Phase 2 -- Start: The KernelProcess.StartAsync(kernel, initialEvent) method launches the process. It accepts a Kernel instance (which provides AI services, plugins, and the dependency injection container) and a KernelProcessEvent that triggers the process entry point. The method returns a LocalKernelProcessContext that represents the running process and provides access to process state.

The separation of build and start is deliberate. It means:

  • The same process definition can be started multiple times with different kernels or different initial events, enabling reuse and parameterization.
  • The process graph is validated at build time, catching configuration errors before any execution begins.
  • The running process context is disposable, following the .NET IAsyncDisposable pattern to ensure proper cleanup of resources when the process completes.

The running process context supports await using syntax, which means the process execution is bounded by a lifetime scope. When the scope ends (either through natural process completion via StopProcess() or through disposal), the runtime cleans up all step resources.

Usage

Use Build() after completing the process definition to produce the executable KernelProcess object. Then call StartAsync with a configured kernel and the initial triggering event. Always wrap the running process in an await using block to ensure proper resource cleanup.

Theoretical Basis

Process execution in Semantic Kernel follows the Factory Method pattern combined with the Disposable Resource pattern.

Two-Phase Object Creation: The build-then-start lifecycle separates what the process is from how it runs:

Phase 1 (Build): ProcessBuilder → KernelProcess
  - Resolves graph topology
  - Validates routes
  - Creates immutable state
  - No side effects, no I/O

Phase 2 (Start): KernelProcess × Kernel × Event → RunningProcess
  - Allocates runtime resources
  - Dispatches initial event
  - Begins event processing loop
  - Returns disposable context

Immutability After Build: The KernelProcess produced by Build() is an immutable snapshot.
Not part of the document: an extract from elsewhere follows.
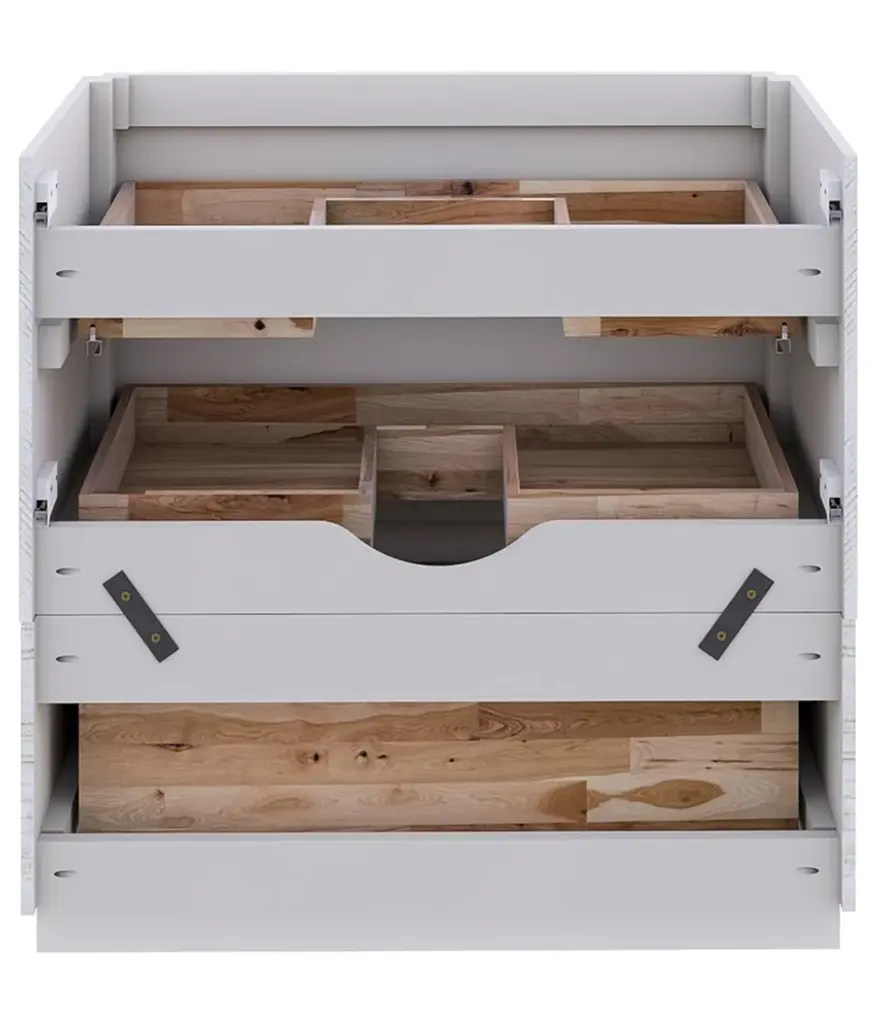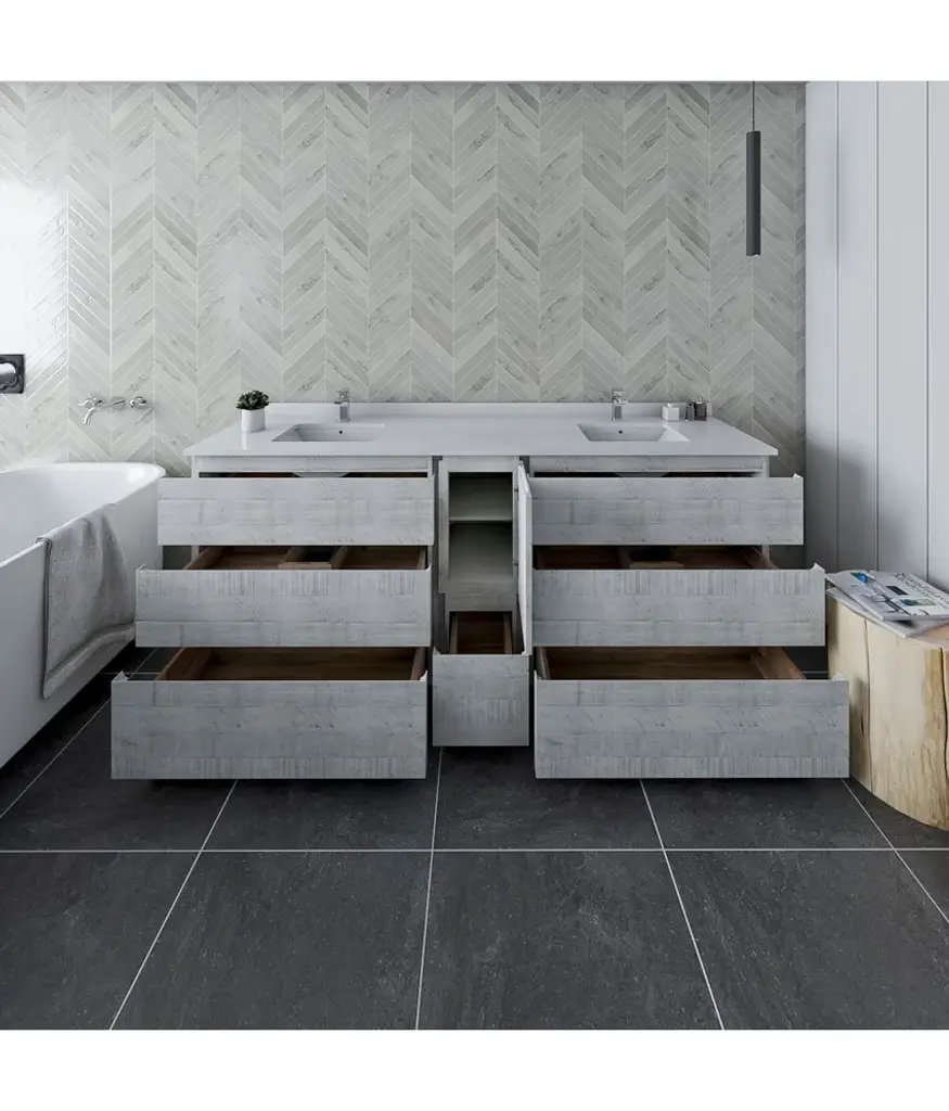The Fresca Formosa Floor Standing Double Sink Modern Bathroom Cabinet is superbly crafted of solid Acacia wood, known for its magnificent beauty and durability. It has a warm grey finish with a hint of brown throughout, and a natural grain that will inject luxurious warmth into any space. A masterpiece of elegance and style, this floor standing cabinet measures 82" in width. With large solid wood, soft-closing dovetail drawers beneath each sink, and a roomy cabinet and drawer at the center of the design, this bathroom cabinet features tons of storage, ideal for keeping a family organized. While all drawers provide plenty of space, the bottom drawers are deeper with full storage capacity. The solid pine drawers are clear coated and feature a mitered, wrap-around design that adds to the superior detailing. Cove routed pulls are carved directly into the drawers and cabinet door, keeping the design sharp and sophisticated. The Fresca Formosa Cabinet is available in multiple sizes and styles. It includes installation hardware.

Multiple concurrent executions can share the same process definition without interference:

KernelProcess p = builder.Build();

// Multiple concurrent executions of the same process definition
Task run1 = p.StartAsync(kernel1, event1);
Task run2 = p.StartAsync(kernel2, event2);
Task run3 = p.StartAsync(kernel3, event3);

Resource Lifecycle: The LocalKernelProcessContext returned by StartAsync implements IAsyncDisposable. This follows the resource acquisition pattern:

acquire:  context = await process.StartAsync(kernel, event)
use:      // process executes, steps fire, events route
release:  await context.DisposeAsync()  // cleanup

Syntactic sugar via await using:
  await using var ctx = await process.StartAsync(kernel, event);
  // process runs within this scope
  // DisposeAsync called automatically at scope exit

Kernel as Execution Environment: The Kernel parameter to StartAsync provides the execution environment for the process. Steps can access AI services, plugins, and other dependencies through the kernel's service provider. Different kernels can provide different service configurations, allowing the same process definition to run in different environments (development, testing, production).